As noted above, the Company cannot determine the number of shares issuable for the Conversion of the Series A Convertible Preferred Stock to common stock, therefore, the Company is unsure whether it has sufficient shares to satisfy the 12,000 share Series A Convertible Preferred Stock and 4,575,495 warrants issued in October 2004. In accordance with EITF 00-19 the fair value of the conversion feature and warrants has been reclassified as a liability. The fair value of the conversion feature and the warrants on the date of reclassification was $2,330,852 computed using the Black Scholes model with the following assumptions: volatility of 170%, risk-free interest rate of 3.9% and an expected life of three years. The difference between the fair value of the financial instrument and the proceeds previously recorded as equity ($1,423,598) was recorded against additional paid-in capital.
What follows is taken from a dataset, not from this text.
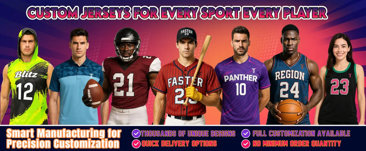 We’ll handle the rest! Premium fabrics, pro-level printing. Get your fully custom jerseys now!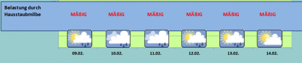 Die erhöhte Luftfeuchtigkeit sorgt in den kommenden Tagen beim Hausstaub für insgesamt mäßige Belastungen. Besonders Hausstauballergiker sollten die trockenen Wetterabschnitte nutzen, um die vier Wände gut durchzulüften.

Due to the fair value of the conversion feature and the warrants being greater than the previous equity amount and the preferred stock having no par value, no amounts have been assigned to the preferred stock.
The Company is also required to value the fair market price of the financial instrument as of September 30, 2005. The fair value of the financial instrument was $7,073,935 on September 30, 2005. The Company used the Black-Scholes model in calculating fair value with the following assumptions: volatility of 153%, risk free interest rate of 4.2% and an expected life of three years. The changes in fair market value have been recorded as adjustments in the line “Unrealized loss on financial instrument” in the statement of operations for all periods presented.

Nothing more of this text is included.